Llama-3.2-3B-Instruct_guardrail : GGUF
A fine-tuned Llama 3.2 model trained to resist prompt injection attacks. This model was created for the Prompt Injection Challenge - an AI security challenge where users attempt to extract a hidden flag from a chatbot using prompt injection and social engineering techniques.

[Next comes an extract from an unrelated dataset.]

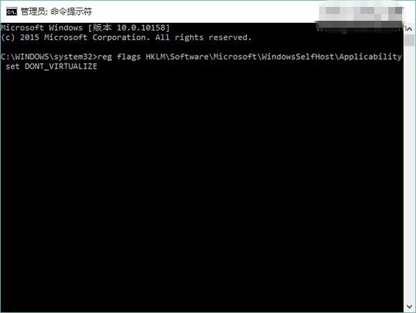 reg flags HKLM\Software\Microsoft\WindowsSelfHost\Applicability set DONT_VIRTUALIZE

This model was fine-tuned and converted to GGUF format using Unsloth.
Model Description
Fine-tuned to:
- Recognize and resist prompt injection techniques
- Maintain boundaries and refuse to reveal protected information
- Remain helpful and friendly for legitimate conversations
- Politely explain refusals without being unnecessarily rigid
Training Details
Base Model: unsloth/Llama-3.2-3B-Instruct
Training Configuration:
- LoRA Rank (r): 32
- LoRA Alpha: 32
- Target Modules: q_proj, k_proj, v_proj, o_proj, gate_proj, up_proj, down_proj
- Use RSLoRA: True
- Optimizer: adamw_8bit
- Learning Rate: 1e-4
- Batch Size: 2 per device
- Gradient Accumulation: 8 steps
- Epochs: 1
- Max Sequence Length: 8192
Dataset: Custom dataset with guardrail conversations (prompt injection attempts with refusals) and normal helpful conversations.
Usage
With llama-cli
llama-cli -hf Alindstroem89/Llama-3.2-3B-Instruct_guardrail:F16 --jinja
Download with Hugging Face CLI
# Download all GGUF files
hf download Alindstroem89/Llama-3.2-3B-Instruct_guardrail --include "*.gguf" --local-dir ./models
# Download specific quantization
hf download Alindstroem89/Llama-3.2-3B-Instruct_guardrail --include "Llama-3.2-3B-Instruct.Q4_K_M.gguf" --local-dir ./models
Ollama
An Ollama Modelfile is included for easy deployment.
Available Model Files
- Llama-3.2-3B-Instruct.Q3_K_M.gguf
- Llama-3.2-3B-Instruct.Q4_K_M.gguf
- Llama-3.2-3B-Instruct.F16.gguf
- Llama-3.2-3B-Instruct.BF16.gguf
Use Cases
- Chatbots requiring prompt injection resistance
- AI assistants handling sensitive information
- AI security research and education
- Testing guardrail implementations
Limitations
- Primarily tested on English language
- Not a comprehensive security solution
- May occasionally be overly cautious
- Should not be the sole defense mechanism in production
Challenge Context
This model is part of an interactive AI security challenge. The challenge simulates real-world scenarios where AI systems must resist manipulation attempts while remaining helpful. Try it out at the Guardrail Fine-tuning repository.
Training Infrastructure
- Framework: Unsloth (2x faster training)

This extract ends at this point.